Travels in the Isle of Man

James Howell (1594?–1666), Epistolae Ho-elianae: The Familiar Letters of James Howell, Historiographer Royal to Charles II, ed. Joseph Jacobs, Books II.-IV. (London: David Nutt, 1892), letter II.77 (March 3, 1646), "To Sir K.D., at Rome", pp. 507-509 (at 507-508):
I have travell'd the Isle of Man, I mean this little World, which I have carried about me and within me so many years: For as the wisest of Pagan Philosophers said, that the greatest Learning was the knowledge of one's self, to be his own Geometrician; if one do so, he need not gad abroad to see Fashions, he shall find enough at home, he shall hourly meet with new fancies, new humours, new passions within doors.

This travelling o'er of one's self is one of the paths that leads a Man to Paradise: It is true, that 'tis a dirty and dangerous one, for it is thick set with extravagant Desires, irregular Affections, and Concupiscences, which are but odd Comrades, and oftentimes do lie in Ambush to cut our Throats: There are also some melancholy companions in the way, which are our Thoughts, but they turn many times to be good Fellows, and the best company; which makes me, that among these disconsolate walls I am never less alone than when I am alone; I am oft-times sole, but seldom solitary.

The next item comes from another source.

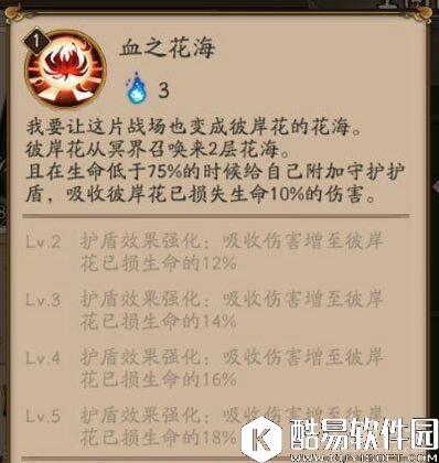 赤团华、彼岸花进入战斗就找召唤除3层花海,每回合花海会消减一层。花海中敌人每回合行动前会受到彼岸花攻击力60%的伤害,每层花海额外再增加30%的伤害(多个彼岸花同事作用伤害一次衰减50%)彼岸花生命每降低25%,能够额外获得一层花海,最多六层。这个技能只要是敌人行动就会受到伤害,这是一个一直扣血的BUFF啊。

Some there are who are over-pestered with these companions, and have too much mind for their bodies; but I am none of those.
"Among these disconsolate walls": Howell was imprisoned in the Fleet for eight years, "on his account purely for his allegiance to the king, but more likely because of the insolvency to which he confesses in Familiar Letters," according to D.R. Woolf, "Howell, James (1594?–1666)," Oxford Dictionary of National Biography.

"I am never less alone than when I am alone": An echo of Cicero, De Officiis 3.1.1 (tr. Walter Miller):
Cato, who was of about the same years, Marcus, my son, as that Publius Scipio who first bore the surname of Africanus, has given us the statement that Scipio used to say that he was never less idle than when he had nothing to do and never less lonely than when he was alone.

P. Scipionem, Marce fili, eum, qui primus Africanus appellatus est, dicere solitum scripsit Cato, qui fuit eius fere aequalis, numquam se minus otiosum esse, quam cum otiosus, nec minus solum, quam cum solus esset.